Of course there is no “sharing” involved, other than allowing the private insurers to carve out a profitable niche for themselves. The private insurance industry has no interest in chipping in to the cost of running the NHS – or indeed in paying out for patient care if they can possibly avoid it, which is why they are so reluctant to insure older people and those with pre-existing conditions who are more likely to be making a claim. 

So how would private insurance become an issue under Davis’s view of social insurance? Only if it’s linked with preferential access to hospitals, mental health and GPs, all of which would presumably be levying fees. So it’s no so much changing the mechanism of funding that’s at stake, but privatising and commercialising the provision of health care, again to the benefit of the rich, and disadvantage of the poor.

It’s clear that once the myths and falsehoods are discarded social health insurance is not the answer to any of the big questions facing the NHS today. As Roy Lilley recently argued:

“There are huge waiting lists, an exodus of staff, wages are poor, working in health and care is unattractive.

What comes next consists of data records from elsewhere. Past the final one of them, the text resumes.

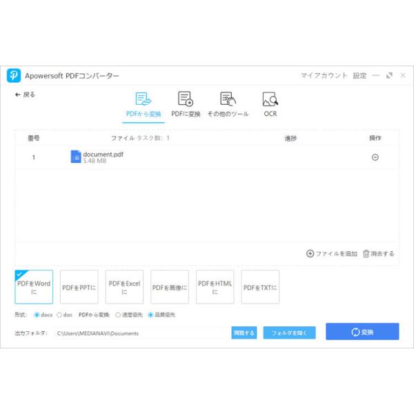 PDF文書をOffice文書をはじめとしたさまざまな形式に一括変換。
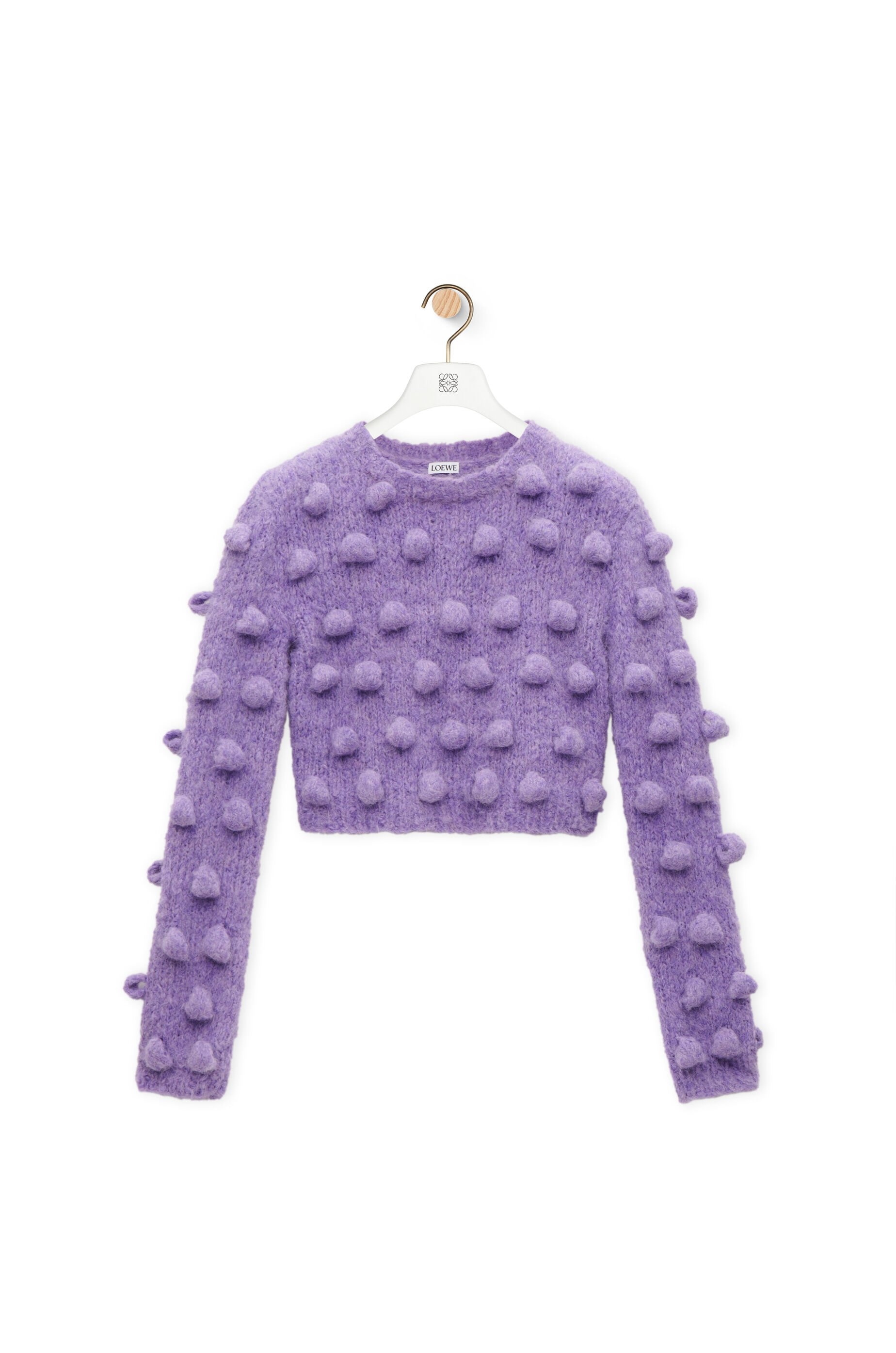 Sweater crafted in medium-weight alpaca blend knit. - Hand knitted - Small fit - Cropped length - Allover bubble details - Round neck - Ribbed collar, cuffs and hem - Anagram engraved charm placed at the back Details - Colour : Purple - Main material : Acrylic/Alpaca/Wool - Weight : 0.2 kg - Model ID : S359Y14KF9 - Made in : Republic of Macedonia
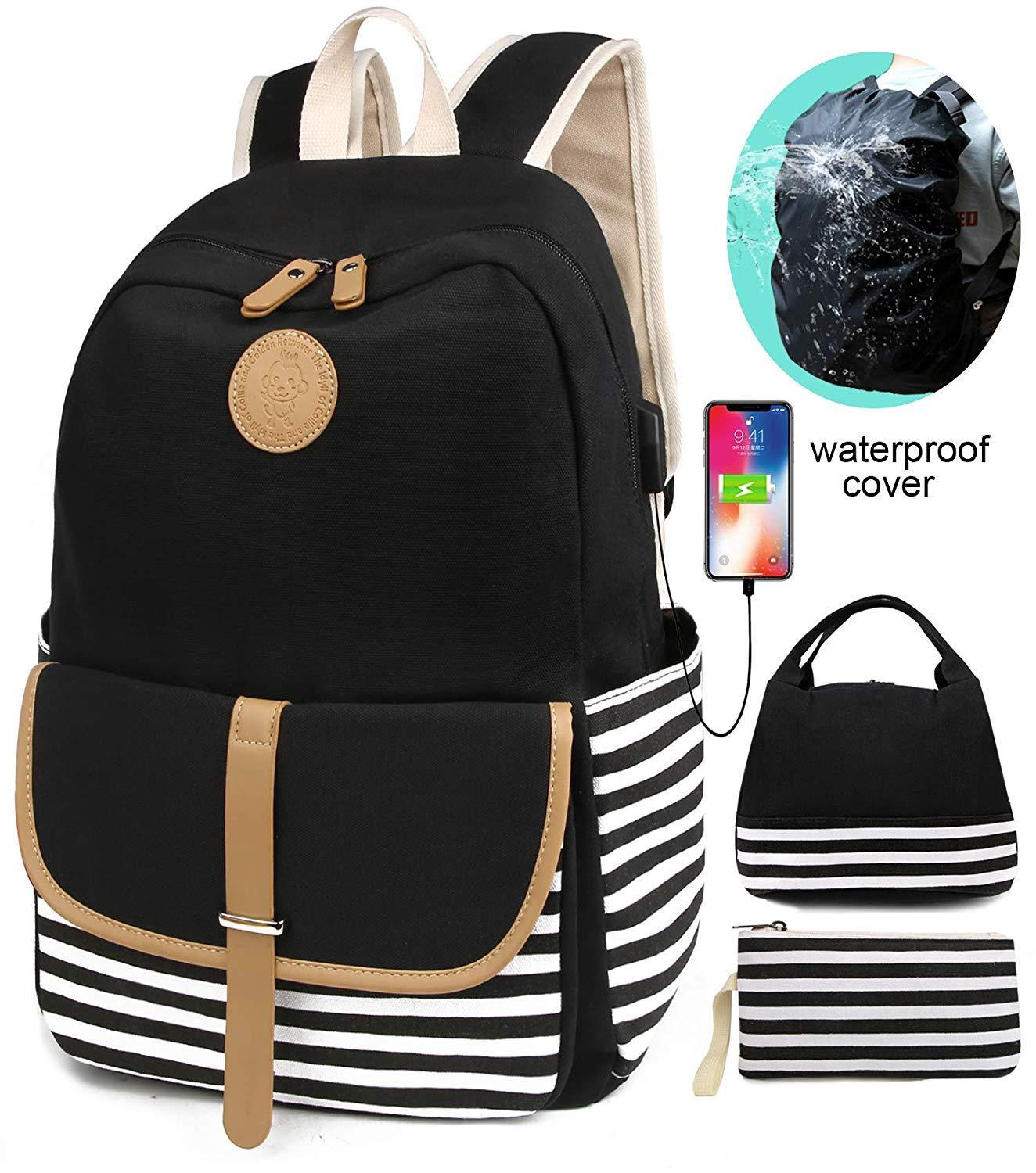 This Lightweight backpack for women/men/girls/teens is made of high density canvas and well sewn craftsmanship to be more durable, features durable zippers which secure your essentials and valuables, mercerized cotton lining in force points of backpack prevents deformation and extends its lifeWe prepare a suitable size waterproof cover for this backpack which can avoid your school bags being soiled.

“Would a social insurance system, fix it? No.

“We don’t have enough health professionals nor enough beds.

“Would a social insurance system fix it? No.

“There are some outcomes that are better elsewhere… but it depends on what comparator you pick. 

“Would a social insurance system fix it? No…”

We could add that there are long queues of ambulances outside A&E, long delays in emergency admissions, long delays accessing mental health care. 

And social insurance and private provision are absolutely no use in dealing with these problems, either.

In 1948 The NHS moved decisively beyond the social insurance system that had prevailed from 1911, and established a system that was universal and more forward looking, allowing services to be planned on the basis of need, patients to access services regardless of ability to pay, and national training systems to be put in place for doctors and professional staff. 

Nobody but the crackpot right wing of the Conservative Party and neoliberal lobby groups now wants the discredited old system back.